■ Task item
From the listing below, please restate exactly the lines beginning at the one with "- Luxury & Elegant" and ending at the one with "Проект выполнен в", both included, and skip the pictures.

■ Records for this exercise

>>>

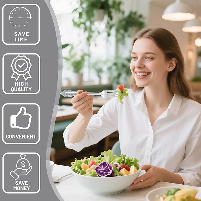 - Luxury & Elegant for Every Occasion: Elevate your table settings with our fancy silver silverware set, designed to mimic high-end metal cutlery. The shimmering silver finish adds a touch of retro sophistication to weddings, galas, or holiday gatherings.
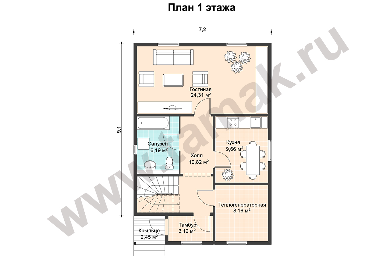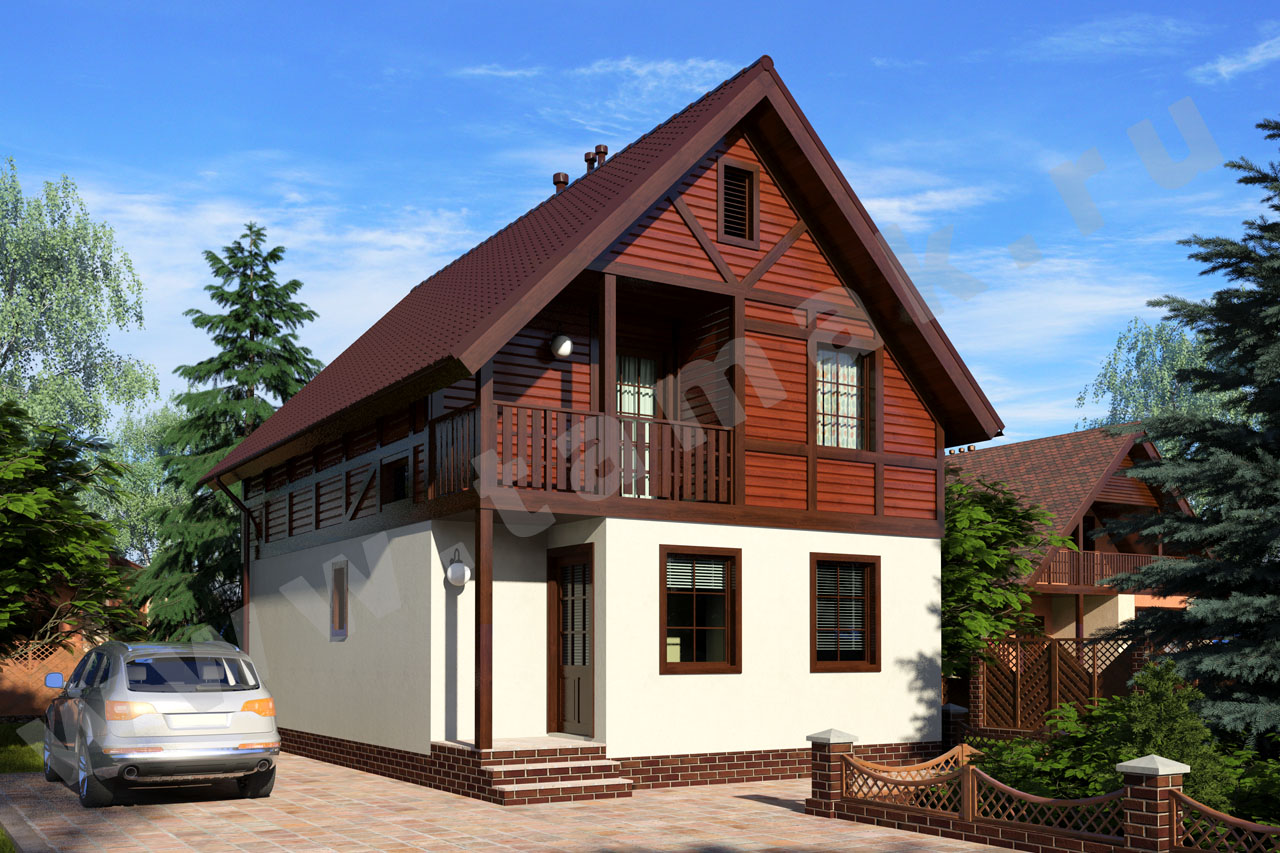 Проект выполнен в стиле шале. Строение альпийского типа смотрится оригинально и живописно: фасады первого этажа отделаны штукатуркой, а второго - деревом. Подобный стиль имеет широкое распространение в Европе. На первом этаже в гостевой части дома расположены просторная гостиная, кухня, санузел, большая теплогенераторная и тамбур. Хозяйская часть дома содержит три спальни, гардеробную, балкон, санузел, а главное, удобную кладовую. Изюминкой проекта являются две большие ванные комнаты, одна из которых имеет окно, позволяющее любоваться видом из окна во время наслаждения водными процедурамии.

<<<
>>>

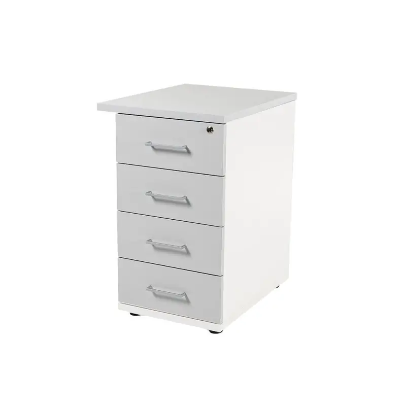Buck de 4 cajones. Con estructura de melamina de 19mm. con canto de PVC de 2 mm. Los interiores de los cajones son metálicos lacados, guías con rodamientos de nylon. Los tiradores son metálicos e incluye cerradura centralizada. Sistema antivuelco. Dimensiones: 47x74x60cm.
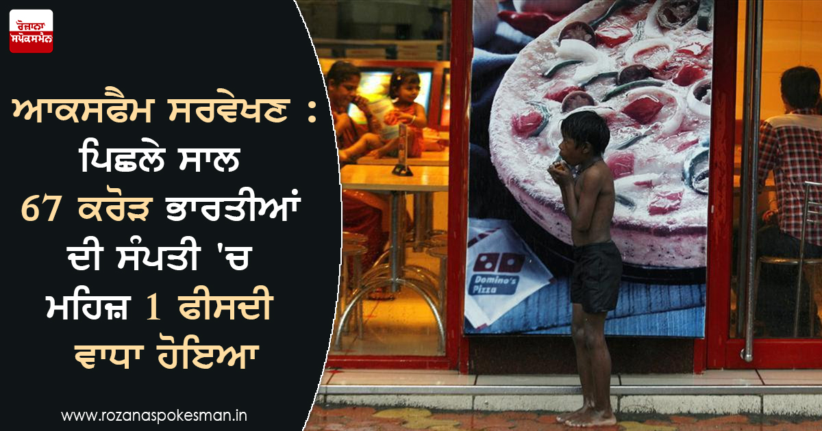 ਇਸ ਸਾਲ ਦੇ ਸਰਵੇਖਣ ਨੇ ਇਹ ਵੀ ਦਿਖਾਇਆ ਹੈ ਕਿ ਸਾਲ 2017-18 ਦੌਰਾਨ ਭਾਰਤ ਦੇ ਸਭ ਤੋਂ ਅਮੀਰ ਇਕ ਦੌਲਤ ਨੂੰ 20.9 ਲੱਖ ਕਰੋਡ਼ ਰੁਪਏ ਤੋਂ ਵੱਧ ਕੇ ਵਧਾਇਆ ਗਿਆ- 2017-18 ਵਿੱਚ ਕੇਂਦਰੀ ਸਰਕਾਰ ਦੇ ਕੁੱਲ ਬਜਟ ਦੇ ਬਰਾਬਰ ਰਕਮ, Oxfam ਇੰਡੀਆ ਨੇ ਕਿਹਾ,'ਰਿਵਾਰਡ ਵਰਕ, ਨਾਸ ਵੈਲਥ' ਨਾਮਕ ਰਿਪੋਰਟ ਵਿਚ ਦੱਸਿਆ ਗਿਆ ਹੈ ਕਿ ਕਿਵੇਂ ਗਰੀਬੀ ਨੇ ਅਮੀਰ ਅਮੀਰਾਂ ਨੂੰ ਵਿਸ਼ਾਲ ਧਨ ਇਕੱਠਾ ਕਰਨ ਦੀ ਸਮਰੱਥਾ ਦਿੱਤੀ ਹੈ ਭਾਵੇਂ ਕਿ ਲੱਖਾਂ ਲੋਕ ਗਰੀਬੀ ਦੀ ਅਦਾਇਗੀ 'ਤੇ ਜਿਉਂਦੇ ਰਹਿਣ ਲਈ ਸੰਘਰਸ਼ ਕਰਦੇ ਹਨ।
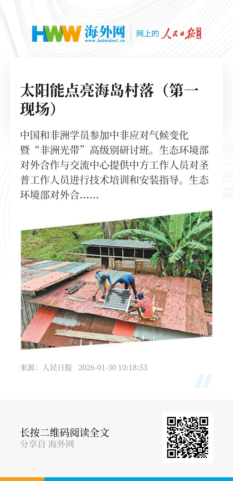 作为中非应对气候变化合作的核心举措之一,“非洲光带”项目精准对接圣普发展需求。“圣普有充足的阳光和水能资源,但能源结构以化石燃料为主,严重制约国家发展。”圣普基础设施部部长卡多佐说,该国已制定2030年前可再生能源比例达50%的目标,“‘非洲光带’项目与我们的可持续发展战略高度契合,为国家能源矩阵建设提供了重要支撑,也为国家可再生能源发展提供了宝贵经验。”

<<<

■ Result for this exercise
 - Luxury & Elegant for Every Occasion: Elevate your table settings with our fancy silver silverware set, designed to mimic high-end metal cutlery. The shimmering silver finish adds a touch of retro sophistication to weddings, galas, or holiday gatherings.
 Проект выполнен в стиле шале. Строение альпийского типа смотрится оригинально и живописно: фасады первого этажа отделаны штукатуркой, а второго - деревом. Подобный стиль имеет широкое распространение в Европе. На первом этаже в гостевой части дома расположены просторная гостиная, кухня, санузел, большая теплогенераторная и тамбур. Хозяйская часть дома содержит три спальни, гардеробную, балкон, санузел, а главное, удобную кладовую. Изюминкой проекта являются две большие ванные комнаты, одна из которых имеет окно, позволяющее любоваться видом из окна во время наслаждения водными процедурамии.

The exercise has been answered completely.